Наконец Бернар сжалился над нею и бесстрастным голосом объявил:

— Привал!

Спешился сам, а потом снял с коня княжну, которая от усталости просто свалилась к нему в руки. Так было в первый день пути, и Соня уже стала сомневаться в том, что она когда-нибудь освоит этот вид передвижения.

После отдыха ей было страшно и подумать, что до вечера опять придется скакать — почему этот мсье Роллан не предложит ехать шагом? В тот вечер она заснула, не раздеваясь. Бернар усмехнулся, но ничего не сказал.

На второй день пути Соня приноровилась сидеть прямо, а на третий спешилась почти самостоятельно — Бернар всего лишь придержал ее.

Теперь они сидели в тени какого-то раскидистого дерева.

Княжна предавалась своим размышлениям, в то время как ее сопровождающий доставал съестные припасы.

…Как она ни сопротивлялась, но свою одиссею рассказала Бернару от начала до конца. Почти. Моменты, которые княжну не слишком красили, но имели место, она благоразумно опустила. О Фуше Соня сказала лишь мимоходом. Собирались, мол, послать с нею одного человека, но он захворал, что-то случилось с его головой…

Но Бернар на ее рассказ о Фуше почему-то заинтересованно откликнулся:

— Вот видите, ваше сиятельство, насколько милостива судьба к некоторым своим любимцам? Как вы считаете, этот человек — выдающийся?

— Ничуть! — несколько горячее, чем следовало, откликнулась Соня. — По-моему, для него в жизни главное — женщины и титулы.

— Иными словами, по-вашему, Фуше человек ничтожный?

— Именно, ничтожный!

— Тогда примите мои соболезнования.

— Чего вдруг?

— Вы не только никогда не найдете для себя мужчину, а значит, не выйдете замуж, но и вообще не сможете жить в светском обществе, тем более при дворе.

— Это почему же? — поинтересовалась уязвленная Соня.

— Потому что мужчины в основном такие, как этот ваш Фуше: интересуются исключительно женщинами и титулами. Причем именно к таким мужчинам судьба на редкость благосклонна.

Роллан посмотрел на ее огорченное лицо и громко расхохотался.

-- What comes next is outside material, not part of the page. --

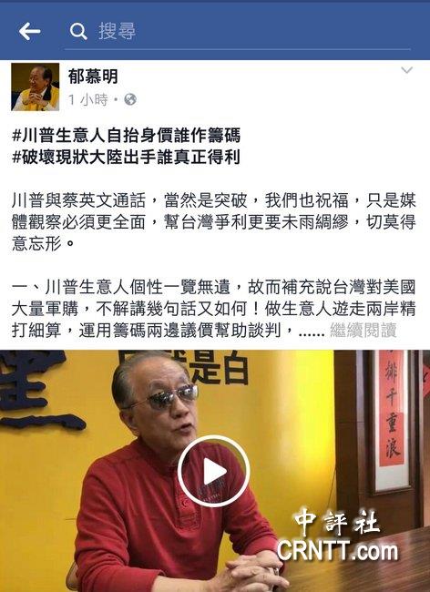 新黨主席郁慕明在“臉書”上發(fā)表對蔡英文與特朗普通話的看法(圖片來源:中評社)
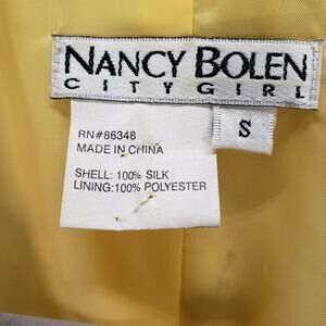 Nancy Bolen City Girl - Women's Yellow Silk Birds of Paradise Blazer Jacket Size Small. Shell 100%Silk. Lining 100%Polyester. Approx. measurements pit to pit 18.5 in. Sleeve length 19 in. Jacket length 24 in. pin hole collar and light stain inner neck lining barely noticeable. Pre-owned in good condition.

— Такое впечатление, что вы до последнего времени жили в монастыре, где жизнью внешнего мира вовсе не интересовались, но уж никак не при французском дворе.

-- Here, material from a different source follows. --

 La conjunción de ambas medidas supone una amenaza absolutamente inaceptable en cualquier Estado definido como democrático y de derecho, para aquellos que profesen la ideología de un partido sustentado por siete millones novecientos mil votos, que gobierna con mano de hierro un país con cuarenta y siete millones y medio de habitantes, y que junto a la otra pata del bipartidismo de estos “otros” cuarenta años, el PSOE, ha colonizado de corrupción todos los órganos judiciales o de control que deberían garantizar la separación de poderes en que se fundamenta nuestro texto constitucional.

— Я пробыла в Версале всего около недели, — пробормотала Соня. Прав Бернар, она, как наивная девочка, продолжает смотреть на мир глазами героинь из прочитанных ею книг, хотя жизнь постоянно убеждает ее в ошибочности таких представлений.

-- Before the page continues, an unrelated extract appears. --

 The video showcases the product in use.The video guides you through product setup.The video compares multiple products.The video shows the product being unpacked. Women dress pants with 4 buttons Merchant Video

Если рассуждать подобно ему, судьба Соню бережет. Иначе зачем тогда она послала ей Бернара? Ведь если бы не он, Соня не только не смогла бы продолжать путь, но скорее всего сразу попалась бы в руки тех, что остановили карету накануне и убили почти всех ее сопровождающих.

Сама она до такого никогда бы не додумалась… Бернар сразу же после разговора с нею исчез на полдня, а потом, вернувшись, выложил ей свой план: он решил отдать внаймы карету. То есть в ней до Страсбурга будут ехать трое торговцев, а управлять экипажем станет специально нанятый им кучер, который хорошо знает дорогу.

Ни в какие подробности своих нанимателей Бернар посвящать не стал, но дал понять, что хозяин приказал перегнать карету в Страсбург и он решил мимоходом заработать. Это торговцы понять могли: в самом деле, чего гонять пустой экипаж, а им самим ехать в куда менее удобном многоместном дилижансе?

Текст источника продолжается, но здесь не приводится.